• **What you will do**: Repeat each entry word for word; the images are not part of the copy.

-- Opening Marker --

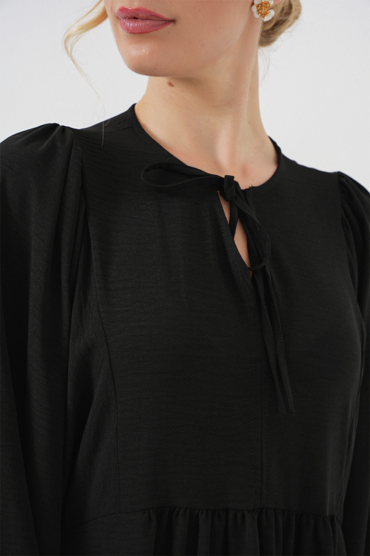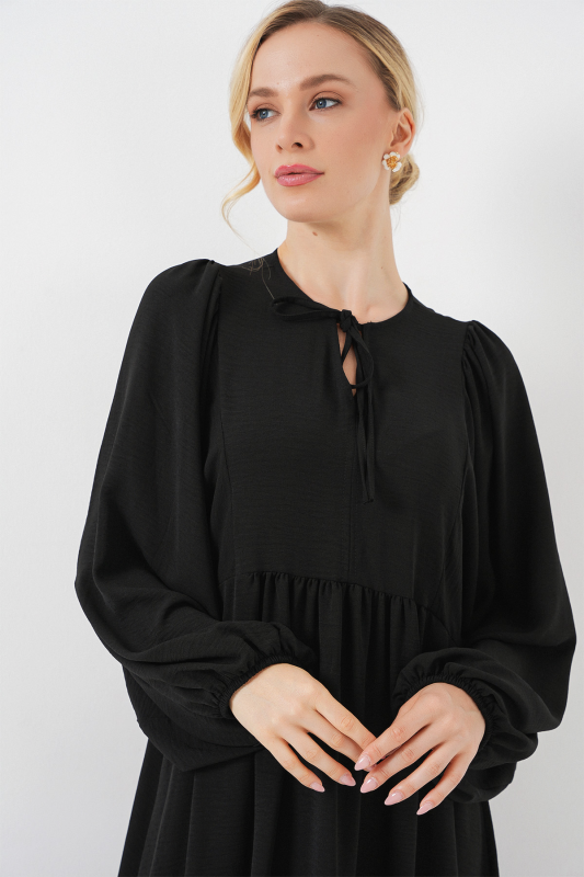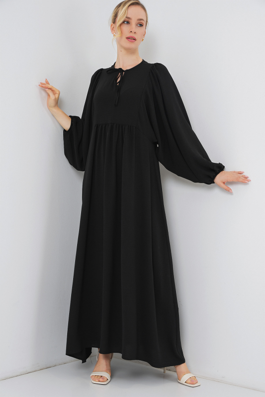 Elegant Black A-Line Modest Dress - 100% POLYESTER
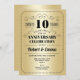 Invitación para la fiesta del 10º aniversario de bodas. Tarjeta de invitación dorada y negra. Perfecta para una celebración elegante. Puede ser personalizada para cualquier año.
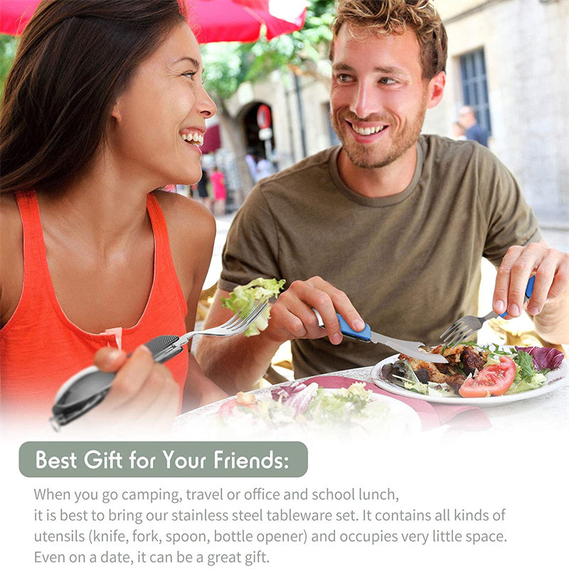 Stainless Steel 4-in-1 Outdoor Tableware Set with Folding Spoon, Fork, Knife, and Bottle Opener - Perfect for Camping, Picnics, Hiking, and Travel
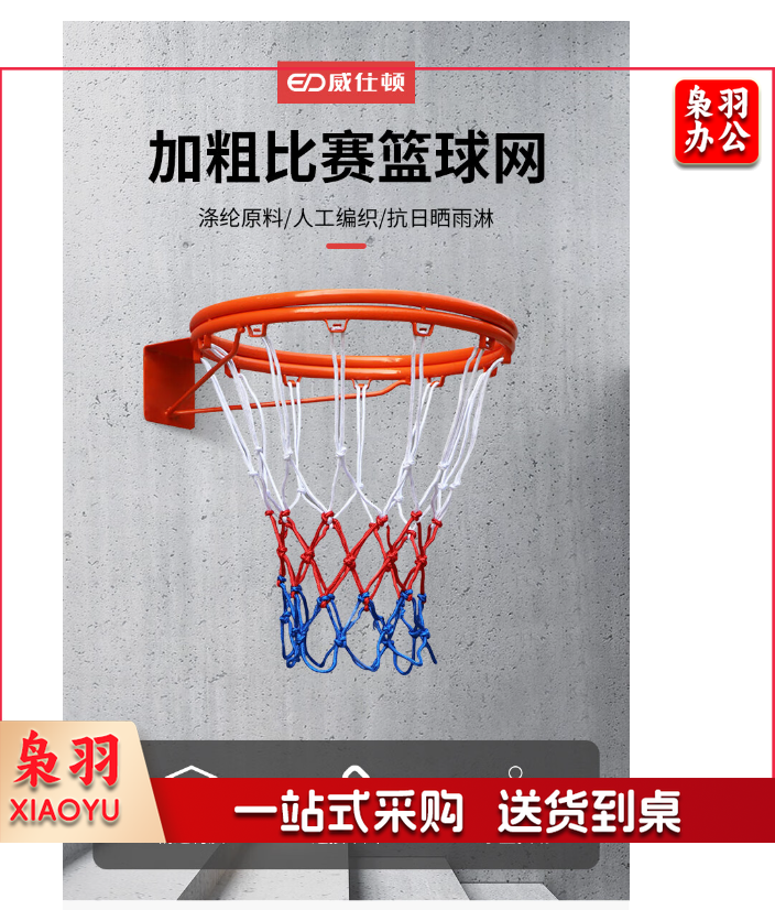 威仕顿 篮球网 室内外加粗比赛球网标准篮球框网兜 6MM12孔 1副两个装
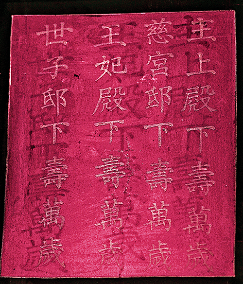 용주사 삼세불화에는 누가 그렸다는 화기(畵記)가 없는데, 만약 화기를 적었다면 그것은 살아계신 부처님이 아니고 누군가 그려 점안했다는 인상을 지울 수 없기 때문일 것이다. 그래서 부처님의 대좌 밑에 왕실의 안녕을 기원하는 축원문(祝願文)만 살짝 넣어두어 살아계신 부처님께서 항상 보살펴 주십사하는 바람을 나타냈다. 처음 쓴 축원문은 먹으로 “주상전하수만세, 왕비전하수만세, 세자저하수만세”를 써 넣었는데, 이 축원문을 본 정조는 어머니에 대한 축원이 없는 것을 알고 불호령을 내렸을 것이고, 그 바람에 축원문 위를 붉은 물감으로 덧칠하고 다시 은으로 “주상전하수만세, 자궁저하수만세, 왕비전하수만세, 세자저하수만세”로 고쳐 썼다. 사진으로 보이는 검은 글씨가 처음 쓴 축원문이고 흰 글씨가 다시 고쳐 쓴 축원문이다. 정조는 어머니 혜경궁 홍씨를 왕비 효의왕후(孝懿王后)보다 임금 다음에 두어 파격적인 효심을 부처님께 아뢰었었다.
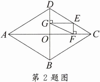 2. [2024·驻马店正阳县期末]如图,四边形 $ABCD$ 是菱形,$BD = 6$,$AD = 5$,$E$ 是 $CD$ 边上的一个动点,过点 $E$ 分别作 $EF \perp OC$ 于点 $F$,$EG \perp OD$ 于点 $G$,连接 $FG$,则 $FG$ 的最小值为
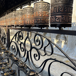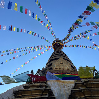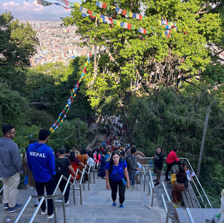 Wir liefen eine sehr, sehr, sehr lange Treppe nach oben und konnten nicht nur auf die Stadt unter uns und das Bergpanorama dahinter blicken, sondern auch die für Nepal so typischen Gebetsfähnchen vor den Kuppel bestaunen.
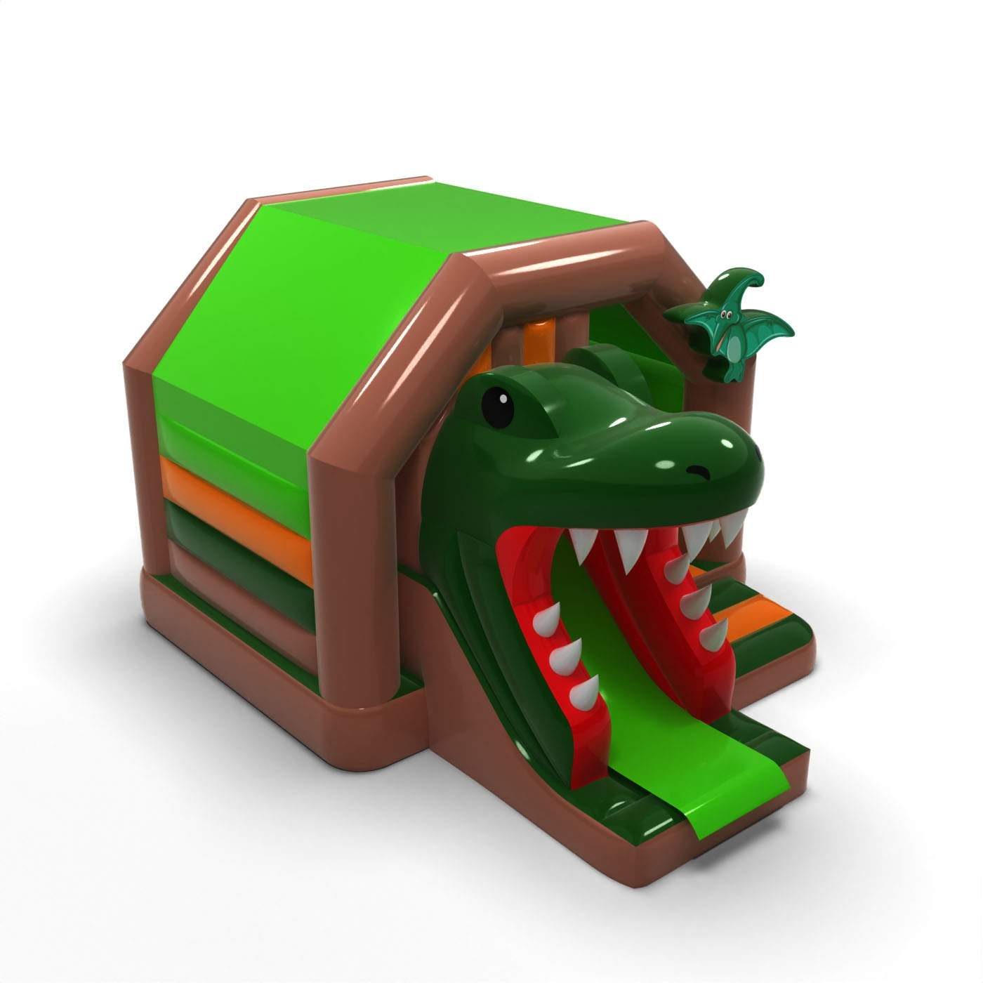 Paszcza dinozaura - dmuchaniec ze zjeżdżalnią to atrakcja dla wszystkich wielbicieli radosnych podskoków. Dzieci świetnie się na nim bawią – skaczą i wcielają się w role dostosowane do motywu atrakcji. Paszcza dinozaura - dmuchaniec ze zjeżdżalnią to atrakcja stworzona z myślą nie tylko o najmłodszych dzieciach. Dmuchańce z tej kategorii są zwykle bogato zdobione, zawierają wiele elementów, które zachęcają do podjęcia skocznej zabawy na świeżym powietrzu. Dmuchane zamki mogą tworzyć fantastyczny świat przeżyć podczas radosnych skoków z przyjaciółmi i rówieśnikami. Zamek dmuchany można łączyć z innymi produktami z naszej oferty, tworząc przy tym przepiękny i bajkowy świat przeżyć w czasie wielogodzinnych i radosnych podskoków.

-- Closing Marker --

• **Response to this exercise**:
 Elegant Black A-Line Modest Dress - 100% POLYESTER
 Invitación para la fiesta del 10º aniversario de bodas. Tarjeta de invitación dorada y negra. Perfecta para una celebración elegante. Puede ser personalizada para cualquier año.
 Stainless Steel 4-in-1 Outdoor Tableware Set with Folding Spoon, Fork, Knife, and Bottle Opener - Perfect for Camping, Picnics, Hiking, and Travel
 威仕顿 篮球网 室内外加粗比赛球网标准篮球框网兜 6MM12孔 1副两个装
 용주사 삼세불화에는 누가 그렸다는 화기(畵記)가 없는데, 만약 화기를 적었다면 그것은 살아계신 부처님이 아니고 누군가 그려 점안했다는 인상을 지울 수 없기 때문일 것이다. 그래서 부처님의 대좌 밑에 왕실의 안녕을 기원하는 축원문(祝願文)만 살짝 넣어두어 살아계신 부처님께서 항상 보살펴 주십사하는 바람을 나타냈다. 처음 쓴 축원문은 먹으로 “주상전하수만세, 왕비전하수만세, 세자저하수만세”를 써 넣었는데, 이 축원문을 본 정조는 어머니에 대한 축원이 없는 것을 알고 불호령을 내렸을 것이고, 그 바람에 축원문 위를 붉은 물감으로 덧칠하고 다시 은으로 “주상전하수만세, 자궁저하수만세, 왕비전하수만세, 세자저하수만세”로 고쳐 썼다. 사진으로 보이는 검은 글씨가 처음 쓴 축원문이고 흰 글씨가 다시 고쳐 쓴 축원문이다. 정조는 어머니 혜경궁 홍씨를 왕비 효의왕후(孝懿王后)보다 임금 다음에 두어 파격적인 효심을 부처님께 아뢰었었다.
 2. [2024·驻马店正阳县期末]如图,四边形 $ABCD$ 是菱形,$BD = 6$,$AD = 5$,$E$ 是 $CD$ 边上的一个动点,过点 $E$ 分别作 $EF \perp OC$ 于点 $F$,$EG \perp OD$ 于点 $G$,连接 $FG$,则 $FG$ 的最小值为
 Wir liefen eine sehr, sehr, sehr lange Treppe nach oben und konnten nicht nur auf die Stadt unter uns und das Bergpanorama dahinter blicken, sondern auch die für Nepal so typischen Gebetsfähnchen vor den Kuppel bestaunen.
 Paszcza dinozaura - dmuchaniec ze zjeżdżalnią to atrakcja dla wszystkich wielbicieli radosnych podskoków. Dzieci świetnie się na nim bawią – skaczą i wcielają się w role dostosowane do motywu atrakcji. Paszcza dinozaura - dmuchaniec ze zjeżdżalnią to atrakcja stworzona z myślą nie tylko o najmłodszych dzieciach. Dmuchańce z tej kategorii są zwykle bogato zdobione, zawierają wiele elementów, które zachęcają do podjęcia skocznej zabawy na świeżym powietrzu. Dmuchane zamki mogą tworzyć fantastyczny świat przeżyć podczas radosnych skoków z przyjaciółmi i rówieśnikami. Zamek dmuchany można łączyć z innymi produktami z naszej oferty, tworząc przy tym przepiękny i bajkowy świat przeżyć w czasie wielogodzinnych i radosnych podskoków.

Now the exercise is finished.